→ **About this exercise**:
Your output should match the listing below word for word, without any images.

→ **Data excerpt**:
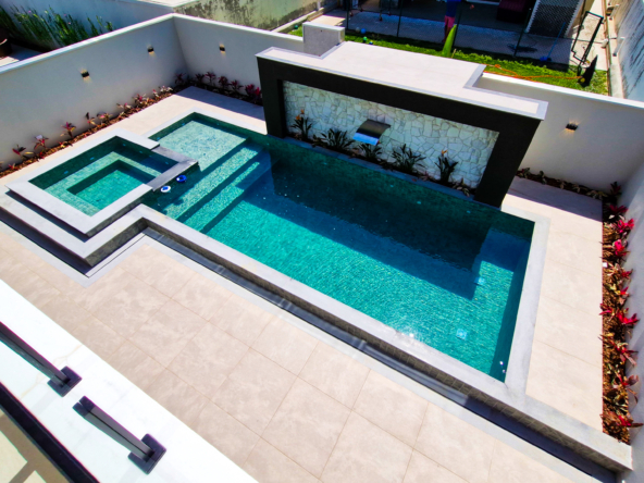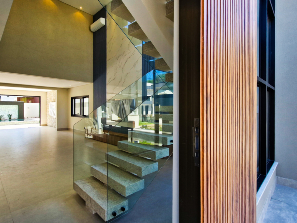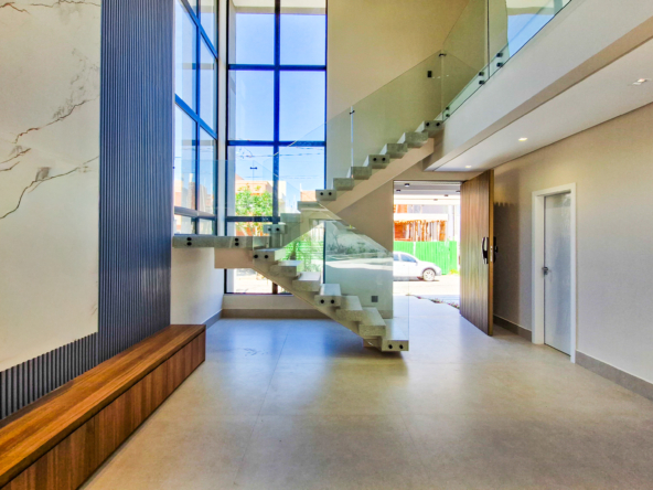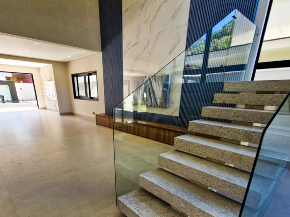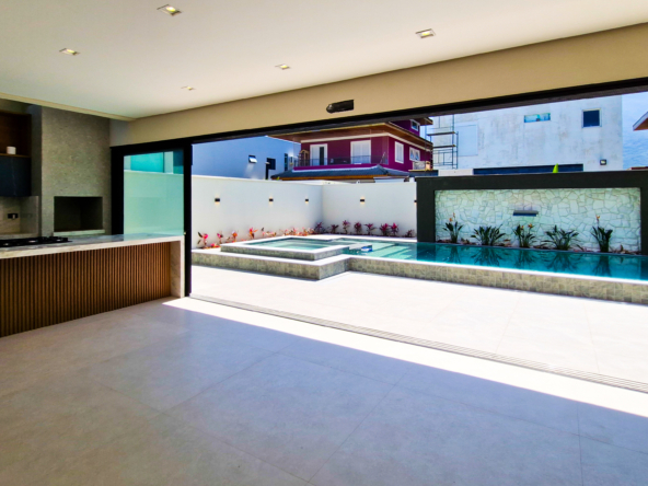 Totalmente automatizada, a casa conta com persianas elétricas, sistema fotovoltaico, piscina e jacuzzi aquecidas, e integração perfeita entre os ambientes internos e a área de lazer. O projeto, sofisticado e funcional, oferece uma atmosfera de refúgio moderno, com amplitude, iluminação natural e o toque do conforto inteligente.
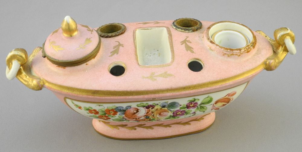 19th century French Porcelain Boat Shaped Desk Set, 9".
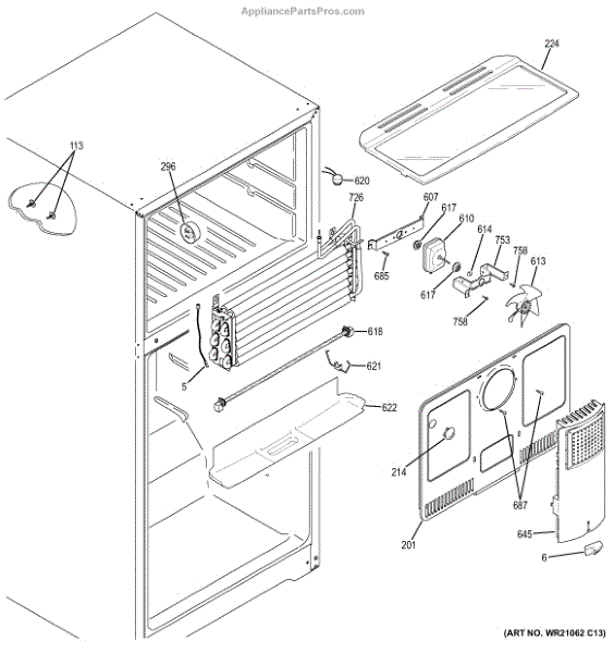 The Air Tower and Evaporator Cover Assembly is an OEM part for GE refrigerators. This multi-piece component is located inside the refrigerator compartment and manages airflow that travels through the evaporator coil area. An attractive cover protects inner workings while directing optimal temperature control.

→ **Answer to this exercise**:
 Totalmente automatizada, a casa conta com persianas elétricas, sistema fotovoltaico, piscina e jacuzzi aquecidas, e integração perfeita entre os ambientes internos e a área de lazer. O projeto, sofisticado e funcional, oferece uma atmosfera de refúgio moderno, com amplitude, iluminação natural e o toque do conforto inteligente.
 19th century French Porcelain Boat Shaped Desk Set, 9".
 The Air Tower and Evaporator Cover Assembly is an OEM part for GE refrigerators. This multi-piece component is located inside the refrigerator compartment and manages airflow that travels through the evaporator coil area. An attractive cover protects inner workings while directing optimal temperature control.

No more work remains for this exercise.